Für F-Droid ist das keine Randnotiz, sondern eine Frage der Existenz. Ein Katalog, dessen Stärke gerade darin besteht, dass auch ein einzelner Entwickler ohne Firmenmantel und ohne Ausweisvorlage etwas veröffentlichen kann, verliert seinen Sinn, wenn genau das nicht mehr geht.

Grenzen von F-Droid

F-Droid ersetzt den Play Store nicht vollständig, und das ist kein Versehen. Weil nur freie Software aufgenommen wird, fehlen viele bekannte Apps schlicht. Wer Banking-App, Ticket-App und den Messenger des Arbeitgebers braucht, kommt um eine zweite Bezugsquelle nicht herum – etwa den Aurora Store.

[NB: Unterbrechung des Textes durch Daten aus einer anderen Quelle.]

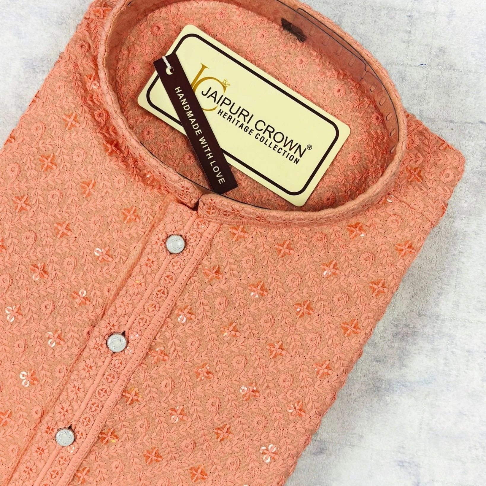 Refresh your ethnic wardrobe with the Peach Square Lucknowi Kurta. Crafted from 100% premium cotton, this kurta features a soft peach-colored base adorned with subtle square-motif detailing inspired by traditional Lucknowi craft. The straight-cut silhouette with full sleeves and mandarin collar offers both comfort and sophistication—perfect for festive gatherings, cultural events or elevated everyday wear.

Ausserdem verlangt F-Droid ein gewisses Mass an Einarbeitung. Wer versteht, was ein Repository ist und wann sich ein zusätzliches lohnt, holt deutlich mehr heraus als jemand, der die Standardansicht nie verlässt. Diese Hürde ist real, aber niedrig – und die Entdeckungsreise lohnt sich: Ein grosser Teil dessen, was auf F-Droid liegt, stammt von unabhängigen Entwicklern und kleinen Teams und findet sich in keinem kommerziellen Katalog. Eine Auswahl haben wir in Die besten Android Open Source Apps zusammengestellt.

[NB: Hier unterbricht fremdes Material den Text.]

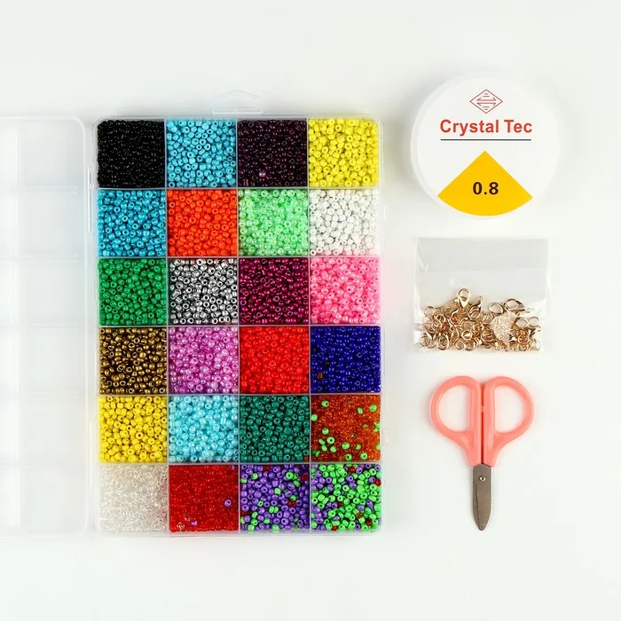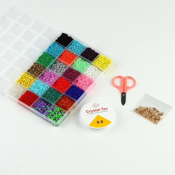 Набор для создания украшений, набор 24 цвета, 1 шт. — 2 мм, леска, ножницы, фурнитура — Характеристики

Und F-Droid ist nicht über jede Kritik erhaben. Zu den Debatten um Signierschlüssel, Reaktionszeiten bei Sicherheitslücken und den Streit mit einzelnen Projekten haben wir einen eigenen Beitrag: F-Droid Sicherheitsbedenken und aktuelle Probleme.

Was ihr tun könnt

  • Installiert F-Droid Basic statt des klassischen Clients, wenn ihr Android 13 oder neuer nutzt und auf das Teilen in der Nähe verzichten könnt – unbeaufsichtigte Updates ohne Root sind den Wechsel wert.
  • Schaut euch bei jeder App die Anti-Features an, bevor ihr sie installiert. Sie stehen auf der Detailseite und sind die ehrlichste Beschreibung, die ihr in einem App Store bekommt.
  • Tragt die Repositories der Projekte ein, die euch wichtig sind. Ihr bekommt Updates schneller und hängt nicht an einer einzigen Quelle.
  • Prüft bei Apps, die ihr auch aus dem Play Store kennt, ob F-Droid sie als reproduzierbaren Build mit Entwicklersignatur führt. Dann könnt ihr die Bezugsquelle wechseln, ohne Daten zu verlieren.
  • Lest den offenen Brief auf keepandroidopen.org und unterstützt die Projekte, die ihr über F-Droid bezieht – mit Spenden, Fehlerberichten oder Übersetzungen. Ein Katalog ist nur so lebendig wie die Projekte darin.

Fazit: F-Droid ist kein Nischenladen, sondern die letzte offene Verteilkette

F-Droid war lange ein Angebot für Überzeugte: quelloffen, werbefrei, ein bisschen sperrig. Diese Beschreibung greift 2026 zu kurz. Solange Apps ohne Registrierung bei einem einzelnen Konzern verteilt werden können, gibt es auf Android überhaupt eine Alternative. Fällt diese Möglichkeit weg, ist es egal, wie gut ein alternativer Store gebaut ist – er hat dann nichts mehr zu verteilen.

Deshalb ist F-Droid installieren heute keine Geschmacksfrage mehr. Es ist die praktischste Art, den Unterschied zwischen einem offenen und einem genehmigungspflichtigen Betriebssystem selbst zu erleben – und der Aufwand dafür beträgt einen Download.